Here is the task for the listing below: output exactly the lines from the one containing "Reloj Panerai Luminor" through the one containing "Lot of (2) Consecutive", and leave out the pictures.

→ Extracted data
*****
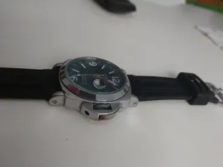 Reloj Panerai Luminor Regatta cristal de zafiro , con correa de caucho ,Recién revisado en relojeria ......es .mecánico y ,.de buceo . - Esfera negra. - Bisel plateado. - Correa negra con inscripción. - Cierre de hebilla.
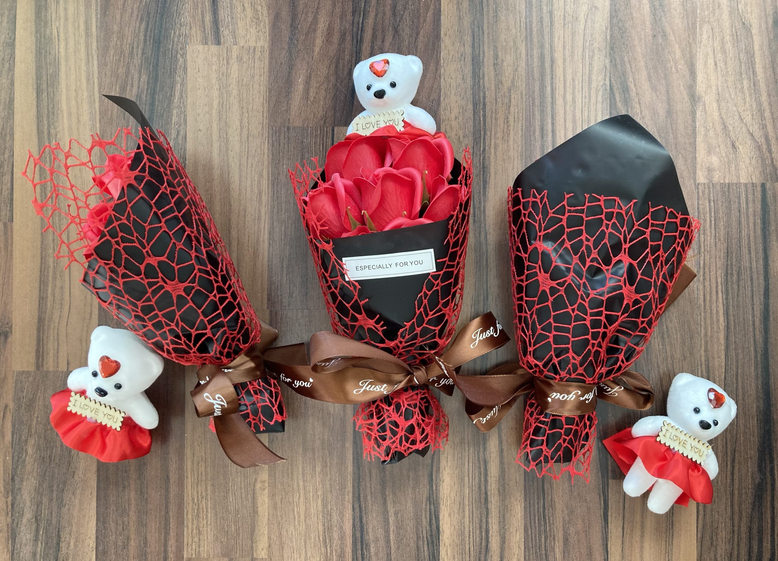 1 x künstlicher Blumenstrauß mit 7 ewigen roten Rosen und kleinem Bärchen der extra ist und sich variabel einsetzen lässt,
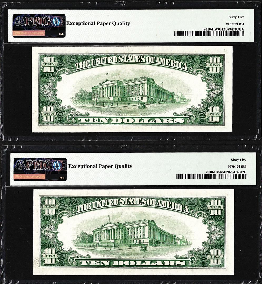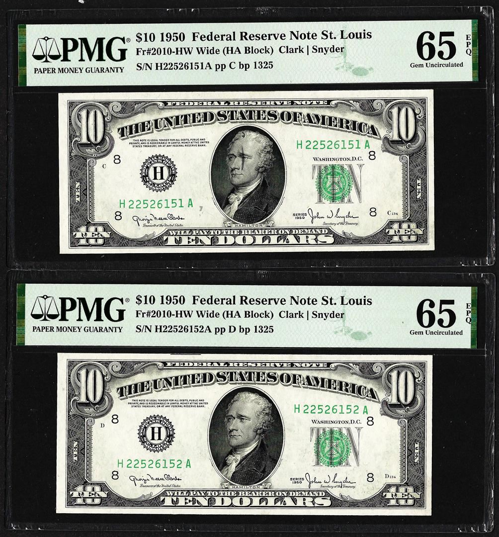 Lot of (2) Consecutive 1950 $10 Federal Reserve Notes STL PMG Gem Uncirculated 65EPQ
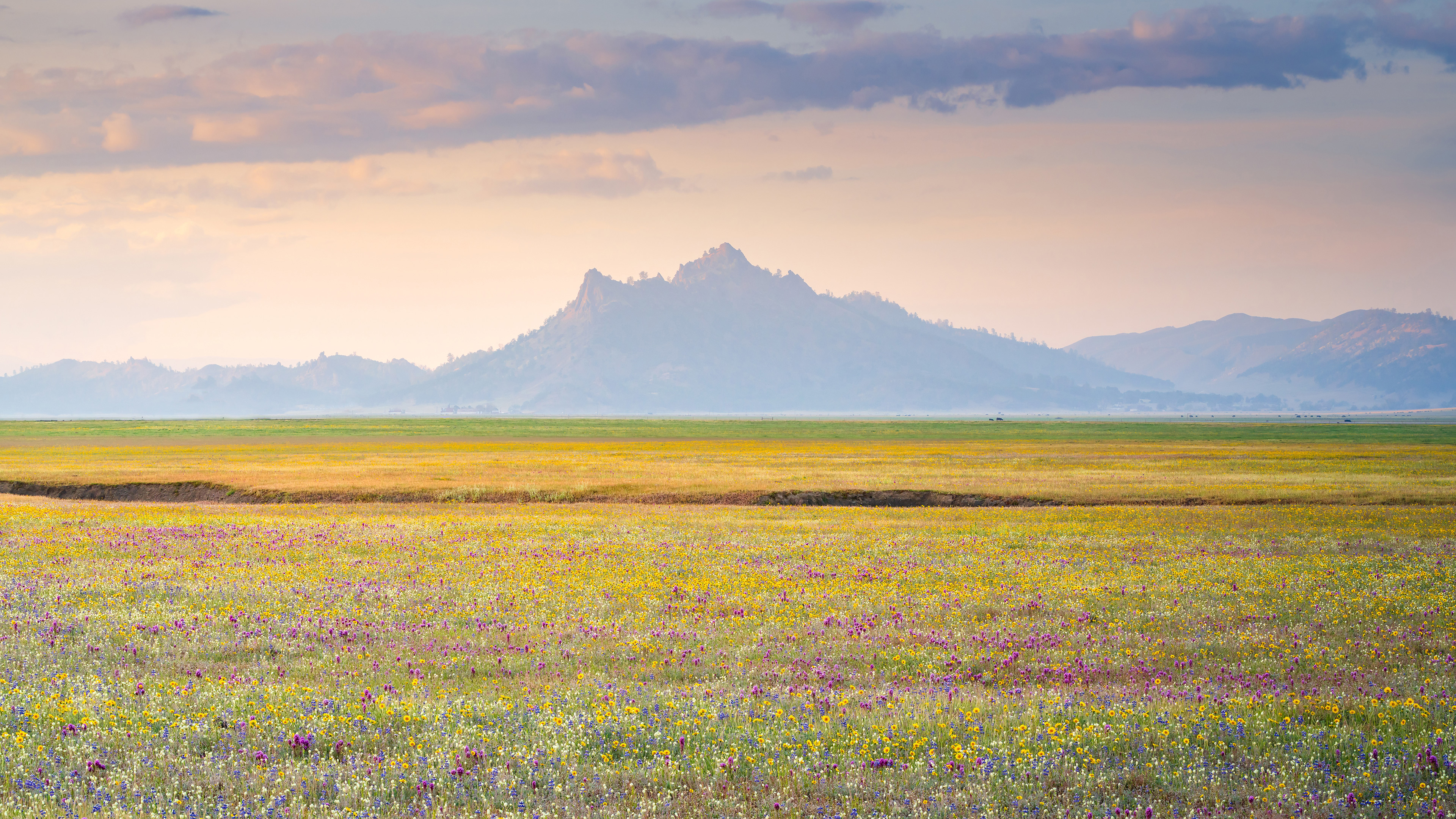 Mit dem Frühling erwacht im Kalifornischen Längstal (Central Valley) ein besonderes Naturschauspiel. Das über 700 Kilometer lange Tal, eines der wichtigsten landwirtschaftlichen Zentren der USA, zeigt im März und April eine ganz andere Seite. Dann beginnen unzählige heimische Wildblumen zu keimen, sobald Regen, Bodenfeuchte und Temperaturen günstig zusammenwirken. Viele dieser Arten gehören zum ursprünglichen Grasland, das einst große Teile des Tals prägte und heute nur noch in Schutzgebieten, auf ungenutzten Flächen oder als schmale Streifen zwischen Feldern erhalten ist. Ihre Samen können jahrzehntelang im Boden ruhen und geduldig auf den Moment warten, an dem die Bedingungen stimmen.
*****
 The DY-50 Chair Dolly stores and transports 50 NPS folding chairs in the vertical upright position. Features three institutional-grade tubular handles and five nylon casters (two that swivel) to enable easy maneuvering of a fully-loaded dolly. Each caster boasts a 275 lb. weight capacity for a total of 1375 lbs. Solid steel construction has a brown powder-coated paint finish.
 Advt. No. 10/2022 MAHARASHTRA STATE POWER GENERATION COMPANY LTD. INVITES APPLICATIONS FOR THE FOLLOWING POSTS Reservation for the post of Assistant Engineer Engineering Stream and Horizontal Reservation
*****
→ Exercise output
 Reloj Panerai Luminor Regatta cristal de zafiro , con correa de caucho ,Recién revisado en relojeria ......es .mecánico y ,.de buceo . - Esfera negra. - Bisel plateado. - Correa negra con inscripción. - Cierre de hebilla.
 1 x künstlicher Blumenstrauß mit 7 ewigen roten Rosen und kleinem Bärchen der extra ist und sich variabel einsetzen lässt,
 Lot of (2) Consecutive 1950 $10 Federal Reserve Notes STL PMG Gem Uncirculated 65EPQ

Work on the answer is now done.